*EXERCISE OBJECTIVE*
Only some lines are wanted. Transcribe, exactly, the lines below from the line with "3、在弹出的窗口中,将需要提" up to and including the line with "FORKLIFT, MANITOU M30G".

*DATA TO EXAMINE*
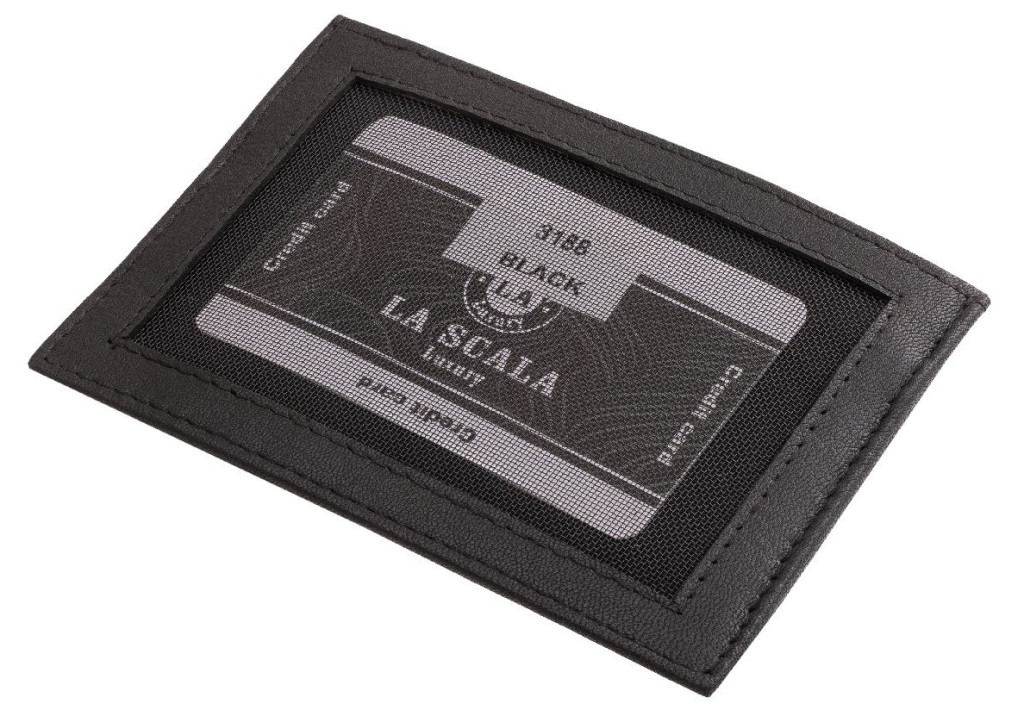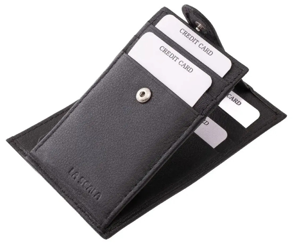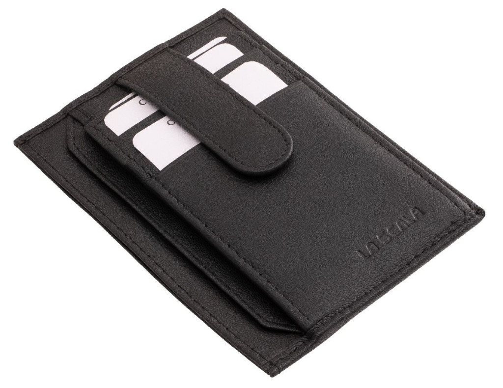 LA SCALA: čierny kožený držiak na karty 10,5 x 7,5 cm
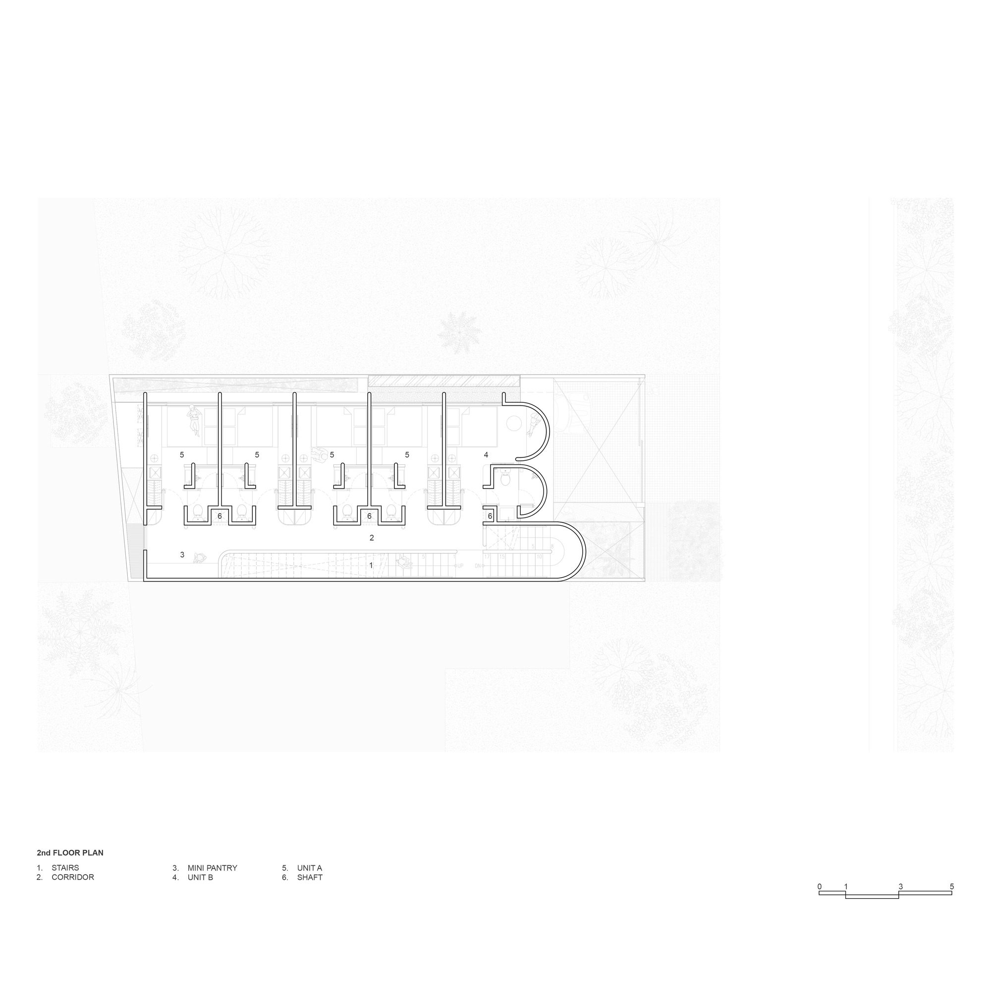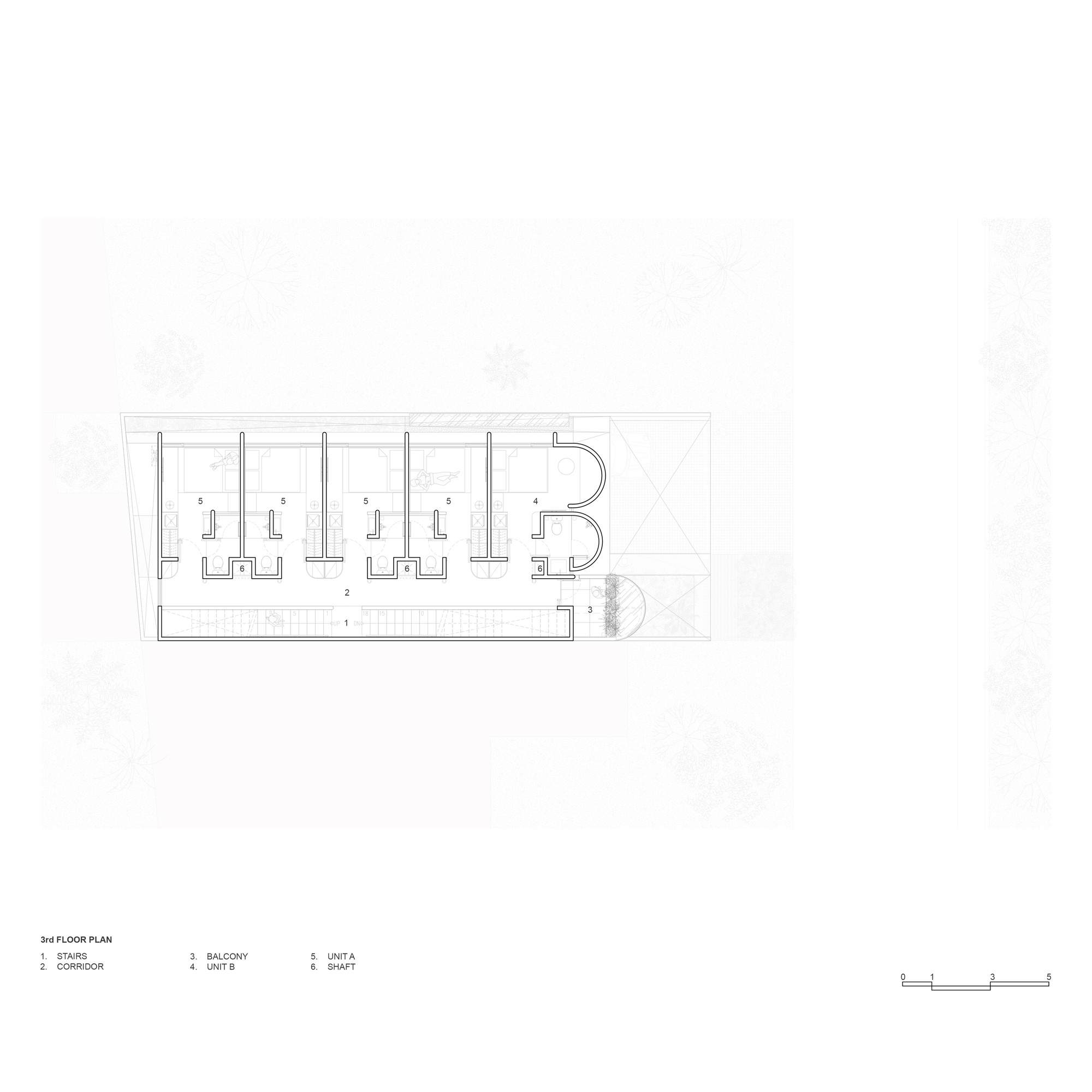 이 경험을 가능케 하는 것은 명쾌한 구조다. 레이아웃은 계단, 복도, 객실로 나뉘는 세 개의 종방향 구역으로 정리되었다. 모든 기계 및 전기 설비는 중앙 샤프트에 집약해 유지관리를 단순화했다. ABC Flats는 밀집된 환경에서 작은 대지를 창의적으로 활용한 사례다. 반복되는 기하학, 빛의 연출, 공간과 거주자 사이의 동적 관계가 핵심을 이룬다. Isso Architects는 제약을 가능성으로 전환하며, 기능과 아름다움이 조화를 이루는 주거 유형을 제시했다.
---
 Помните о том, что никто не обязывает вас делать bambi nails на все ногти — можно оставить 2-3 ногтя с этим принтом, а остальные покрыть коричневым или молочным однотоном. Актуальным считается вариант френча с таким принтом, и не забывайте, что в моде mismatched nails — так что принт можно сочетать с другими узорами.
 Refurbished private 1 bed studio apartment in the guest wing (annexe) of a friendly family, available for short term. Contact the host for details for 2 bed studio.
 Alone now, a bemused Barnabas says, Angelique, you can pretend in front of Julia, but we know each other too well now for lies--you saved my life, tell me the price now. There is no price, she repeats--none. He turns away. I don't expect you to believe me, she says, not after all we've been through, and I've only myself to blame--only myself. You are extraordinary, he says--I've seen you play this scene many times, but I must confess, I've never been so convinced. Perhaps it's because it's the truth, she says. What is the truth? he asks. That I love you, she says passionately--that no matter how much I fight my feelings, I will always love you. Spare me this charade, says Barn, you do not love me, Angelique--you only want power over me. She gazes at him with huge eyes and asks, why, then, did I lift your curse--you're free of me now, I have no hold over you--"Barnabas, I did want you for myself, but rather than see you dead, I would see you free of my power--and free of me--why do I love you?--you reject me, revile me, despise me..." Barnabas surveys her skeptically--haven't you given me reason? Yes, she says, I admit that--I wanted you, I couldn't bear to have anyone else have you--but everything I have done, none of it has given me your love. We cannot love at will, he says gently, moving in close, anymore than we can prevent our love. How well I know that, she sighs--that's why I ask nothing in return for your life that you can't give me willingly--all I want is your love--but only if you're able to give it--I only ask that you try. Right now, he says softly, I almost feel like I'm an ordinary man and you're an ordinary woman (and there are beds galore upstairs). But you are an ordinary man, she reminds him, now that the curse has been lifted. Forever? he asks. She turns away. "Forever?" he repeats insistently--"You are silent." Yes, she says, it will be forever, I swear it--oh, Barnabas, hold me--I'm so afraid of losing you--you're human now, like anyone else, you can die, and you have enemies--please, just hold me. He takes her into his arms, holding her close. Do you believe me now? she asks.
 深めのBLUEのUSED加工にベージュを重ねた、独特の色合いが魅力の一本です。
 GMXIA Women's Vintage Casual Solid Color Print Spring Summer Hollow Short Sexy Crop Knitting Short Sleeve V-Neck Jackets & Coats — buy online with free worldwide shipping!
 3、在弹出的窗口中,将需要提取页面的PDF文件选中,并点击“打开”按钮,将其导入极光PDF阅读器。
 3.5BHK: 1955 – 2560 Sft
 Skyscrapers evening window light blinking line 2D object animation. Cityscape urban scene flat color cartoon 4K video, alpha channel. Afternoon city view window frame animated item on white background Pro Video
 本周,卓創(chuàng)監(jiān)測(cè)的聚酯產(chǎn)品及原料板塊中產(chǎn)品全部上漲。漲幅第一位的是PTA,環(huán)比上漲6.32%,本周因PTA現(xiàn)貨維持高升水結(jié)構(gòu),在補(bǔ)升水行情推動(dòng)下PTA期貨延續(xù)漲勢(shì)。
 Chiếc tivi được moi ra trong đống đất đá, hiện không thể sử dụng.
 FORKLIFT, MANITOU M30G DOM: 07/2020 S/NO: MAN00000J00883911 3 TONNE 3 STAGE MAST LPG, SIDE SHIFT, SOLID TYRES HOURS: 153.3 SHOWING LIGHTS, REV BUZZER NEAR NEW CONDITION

*ANSWER TO THE EXERCISE*
 3、在弹出的窗口中,将需要提取页面的PDF文件选中,并点击“打开”按钮,将其导入极光PDF阅读器。
 3.5BHK: 1955 – 2560 Sft
 Skyscrapers evening window light blinking line 2D object animation. Cityscape urban scene flat color cartoon 4K video, alpha channel. Afternoon city view window frame animated item on white background Pro Video
 本周,卓創(chuàng)監(jiān)測(cè)的聚酯產(chǎn)品及原料板塊中產(chǎn)品全部上漲。漲幅第一位的是PTA,環(huán)比上漲6.32%,本周因PTA現(xiàn)貨維持高升水結(jié)構(gòu),在補(bǔ)升水行情推動(dòng)下PTA期貨延續(xù)漲勢(shì)。
 Chiếc tivi được moi ra trong đống đất đá, hiện không thể sử dụng.
 FORKLIFT, MANITOU M30G DOM: 07/2020 S/NO: MAN00000J00883911 3 TONNE 3 STAGE MAST LPG, SIDE SHIFT, SOLID TYRES HOURS: 153.3 SHOWING LIGHTS, REV BUZZER NEAR NEW CONDITION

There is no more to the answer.